WHAT TO PRODUCE: Going through the data below, copy out each line where the word "with" shows up.

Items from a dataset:
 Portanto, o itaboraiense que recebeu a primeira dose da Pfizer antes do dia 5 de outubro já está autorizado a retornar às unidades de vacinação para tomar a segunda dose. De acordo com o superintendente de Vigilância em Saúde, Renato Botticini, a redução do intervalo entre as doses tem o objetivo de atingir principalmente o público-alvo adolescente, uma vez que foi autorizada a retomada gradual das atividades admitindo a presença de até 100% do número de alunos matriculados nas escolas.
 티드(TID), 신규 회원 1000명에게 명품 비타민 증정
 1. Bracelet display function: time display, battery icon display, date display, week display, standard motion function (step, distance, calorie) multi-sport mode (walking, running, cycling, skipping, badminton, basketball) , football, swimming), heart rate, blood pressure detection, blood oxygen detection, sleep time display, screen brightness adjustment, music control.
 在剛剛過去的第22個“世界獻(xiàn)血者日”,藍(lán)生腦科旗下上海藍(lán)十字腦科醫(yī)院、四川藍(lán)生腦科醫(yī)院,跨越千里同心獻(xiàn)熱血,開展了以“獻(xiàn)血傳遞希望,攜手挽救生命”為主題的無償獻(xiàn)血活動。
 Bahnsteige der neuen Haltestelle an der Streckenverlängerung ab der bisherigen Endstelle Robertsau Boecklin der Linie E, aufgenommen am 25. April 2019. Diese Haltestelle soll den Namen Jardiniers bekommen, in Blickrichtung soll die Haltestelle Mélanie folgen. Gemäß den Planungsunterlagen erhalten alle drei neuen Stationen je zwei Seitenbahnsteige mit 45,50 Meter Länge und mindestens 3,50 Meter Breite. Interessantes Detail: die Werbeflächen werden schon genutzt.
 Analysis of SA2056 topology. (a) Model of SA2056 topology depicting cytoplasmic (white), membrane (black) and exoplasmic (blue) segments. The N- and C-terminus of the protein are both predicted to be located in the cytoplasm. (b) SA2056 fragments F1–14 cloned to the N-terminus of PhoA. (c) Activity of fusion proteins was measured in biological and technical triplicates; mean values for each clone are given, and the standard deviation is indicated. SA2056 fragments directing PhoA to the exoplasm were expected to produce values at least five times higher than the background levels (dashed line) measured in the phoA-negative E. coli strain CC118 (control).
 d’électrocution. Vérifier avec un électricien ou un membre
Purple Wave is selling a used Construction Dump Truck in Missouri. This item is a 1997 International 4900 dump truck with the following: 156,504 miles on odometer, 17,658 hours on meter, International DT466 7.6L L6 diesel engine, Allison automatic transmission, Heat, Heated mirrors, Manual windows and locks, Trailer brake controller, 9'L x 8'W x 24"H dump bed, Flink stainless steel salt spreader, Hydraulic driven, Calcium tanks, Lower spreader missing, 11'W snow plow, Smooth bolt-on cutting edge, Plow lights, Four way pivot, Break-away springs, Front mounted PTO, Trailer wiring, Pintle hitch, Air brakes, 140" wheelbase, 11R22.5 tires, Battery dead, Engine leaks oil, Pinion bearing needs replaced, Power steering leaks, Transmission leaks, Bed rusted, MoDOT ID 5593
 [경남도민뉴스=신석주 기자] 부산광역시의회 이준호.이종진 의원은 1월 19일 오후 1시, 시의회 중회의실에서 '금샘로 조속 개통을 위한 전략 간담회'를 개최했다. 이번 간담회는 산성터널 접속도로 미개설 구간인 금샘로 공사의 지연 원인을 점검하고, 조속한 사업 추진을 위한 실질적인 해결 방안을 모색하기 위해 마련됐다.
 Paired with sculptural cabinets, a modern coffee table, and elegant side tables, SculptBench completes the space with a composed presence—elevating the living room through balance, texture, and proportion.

FINISHED EXERCISE:
Purple Wave is selling a used Construction Dump Truck in Missouri. This item is a 1997 International 4900 dump truck with the following: 156,504 miles on odometer, 17,658 hours on meter, International DT466 7.6L L6 diesel engine, Allison automatic transmission, Heat, Heated mirrors, Manual windows and locks, Trailer brake controller, 9'L x 8'W x 24"H dump bed, Flink stainless steel salt spreader, Hydraulic driven, Calcium tanks, Lower spreader missing, 11'W snow plow, Smooth bolt-on cutting edge, Plow lights, Four way pivot, Break-away springs, Front mounted PTO, Trailer wiring, Pintle hitch, Air brakes, 140" wheelbase, 11R22.5 tires, Battery dead, Engine leaks oil, Pinion bearing needs replaced, Power steering leaks, Transmission leaks, Bed rusted, MoDOT ID 5593
 Paired with sculptural cabinets, a modern coffee table, and elegant side tables, SculptBench completes the space with a composed presence—elevating the living room through balance, texture, and proportion.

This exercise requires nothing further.